The result should hold only the lines from the one with "CP104D with Amp-rod Single Door" through the final line of the data below, transcribed exactly, pictures left out.

┄┄┄┄┄┄┄┄┄┄┄┄┄┄┄┄┄┄┄┄

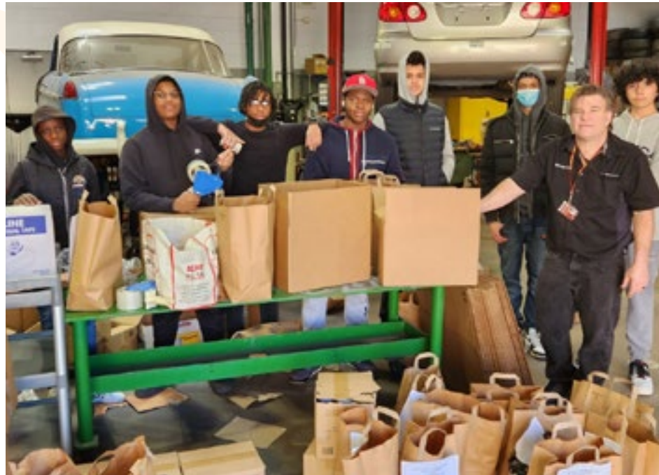
MVHS Students Organize Districtwide Collections for MVFT Feeding Westchester Food Drive
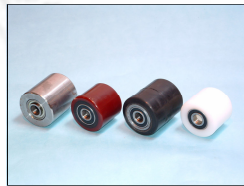
Alternative Load Rollers
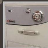
Key Lock & Combination
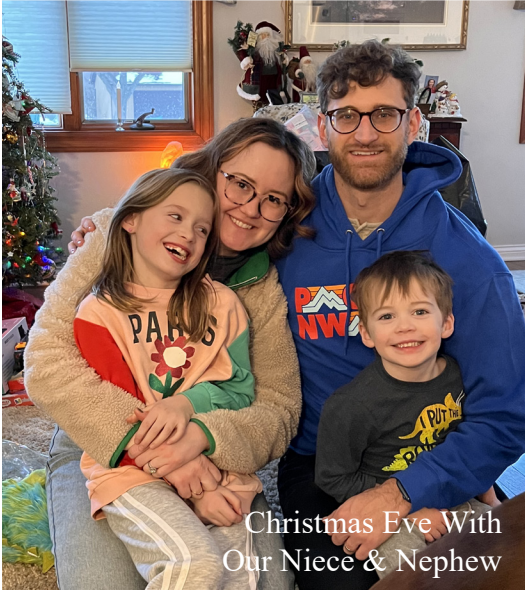
Christmas Eve With Our Niece & Nephew
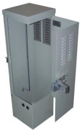
CP104D with Amp-rod Single Door
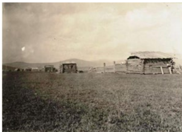
Siberia, Alati, The Russian settlement of Ak-Selan, June 6, 1911
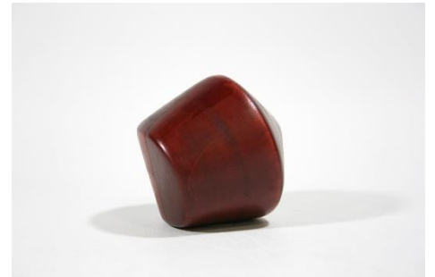
Roy Carlson – 3” Basswood Pentagonal Streptohedron

┄┄┄┄┄┄┄┄┄┄┄┄┄┄┄┄┄┄┄┄

Expected output:
CP104D with Amp-rod Single Door
Siberia, Alati, The Russian settlement of Ak-Selan, June 6, 1911
Roy Carlson – 3” Basswood Pentagonal Streptohedron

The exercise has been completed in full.